Although choosing a dental insurance you probably might imagine that you could save a huge amount of money, it’s always better to be cautious. Before choosing a dental insurance, you might need to consider lots of drawbacks and your future plans. Basically, you need to realize that insurance companies need to make a profit, so the insurance is designed to protect you in a worst-case scenario. Dental insurance is significantly different from most other kinds of insurance. If you have other insurance such as health insurance or homeowner’s insurance, the potential downside is so high that almost no one can afford the risk of not being insured. However, if you have a dental insurance, the potential downside and the potential upside is fairly low.

If you only need the standard cleanings, exams, and X-rays that make up good preventive care, you would lose money by having dental insurance. For instance, if you paid out of pocket for these service, you might only spend around $400 for the year, while you need to pay $600 for the year on insurance premiums.

However, if your dentist informs you that you need a couple of filings, a root canal, and a crown, a dental insurance might help you save some money. But unfortunately, some dental insurance plans have low annual maximum of around $1,000, which might vary by plan and by provider.

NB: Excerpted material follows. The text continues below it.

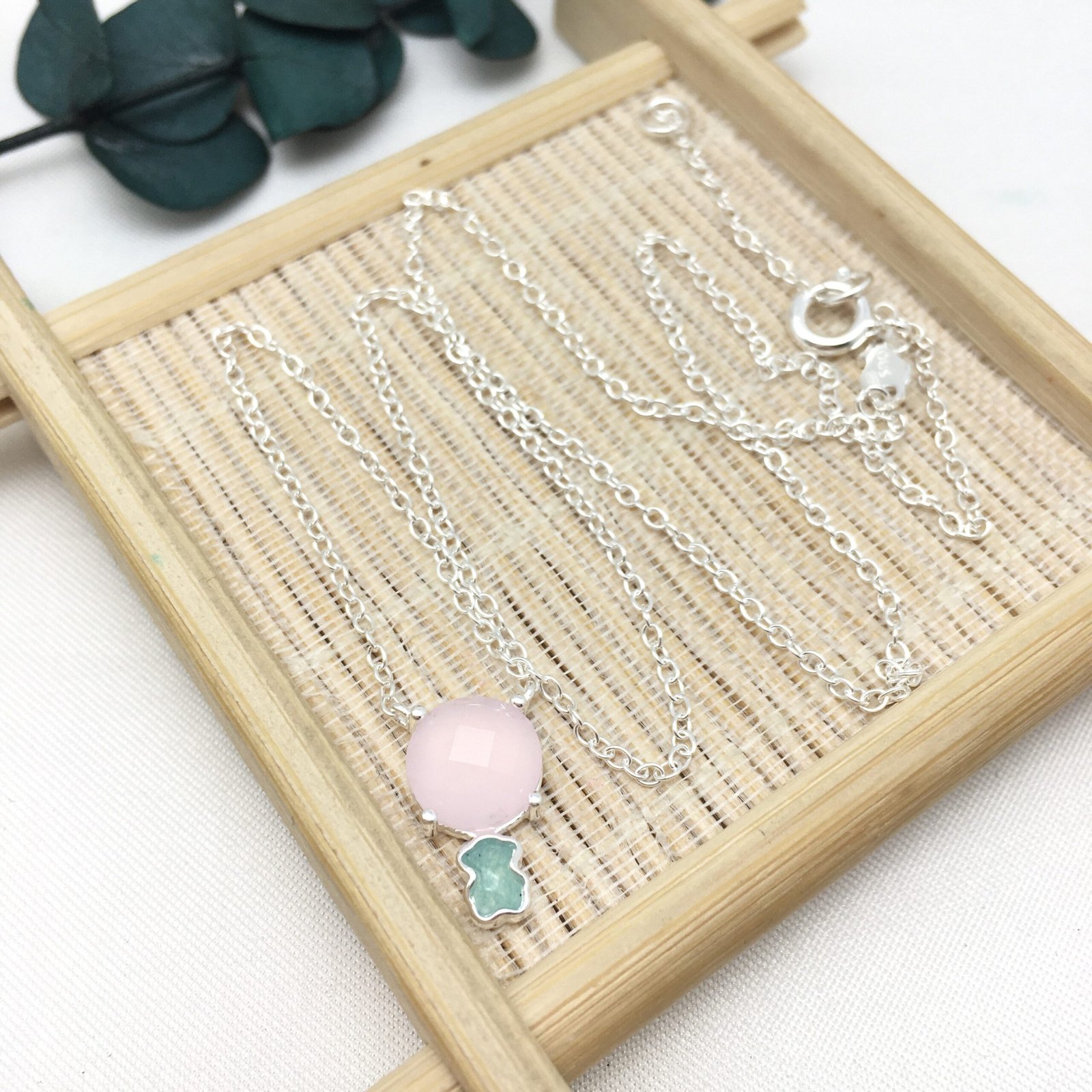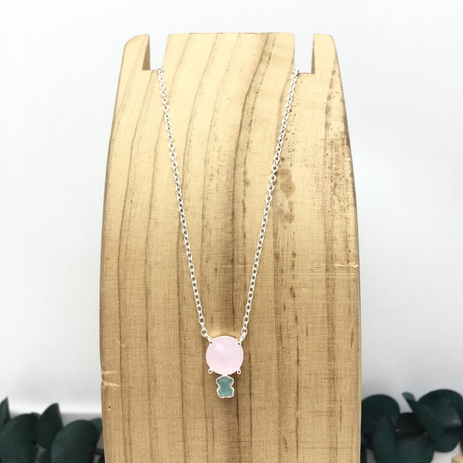 Mini Color Necklace in Silver with Pink Quartz and Amazonite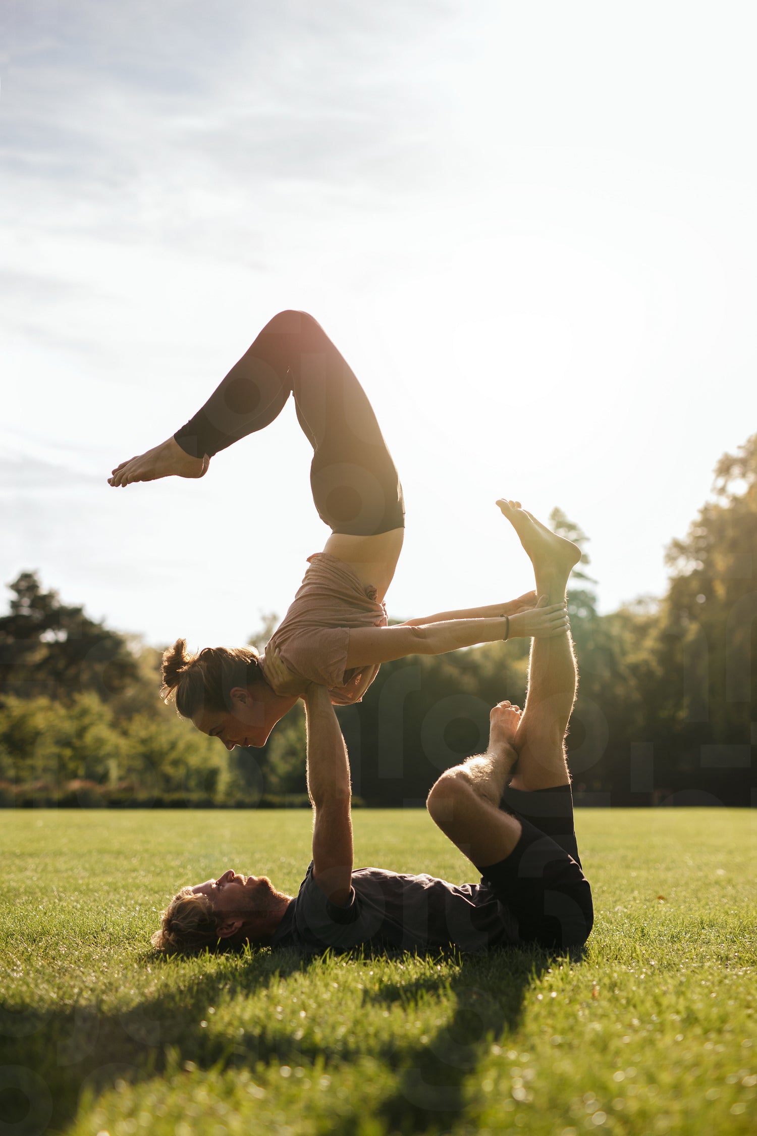 Vertical shot of healthy young couple doing acrobatic yoga on grass. Man and woman exercising in pair at the park.

Once your dental bills exceed $1,000 in any given year, you have to pay the rest of the bills in full. The insurer won’t pay for more than $1,000 in treatment.

Sometimes you need to pay a lower negotiated fee for the work you have to do as a benefit of having insurance. But this negotiated fee could be quiet high. For instance, if the dentist’s regular fee for a filing is $150, the negotiated fee might be $100. Under this circumstance, your regular oral maintenance and filings could use up most or all of your annual maximums, and thus only a portion of your large dental-work bill might actually be covered. You might still need to pay $1,000 to $2,000 out of pocket, and you have to pay your annual $600 in premiums.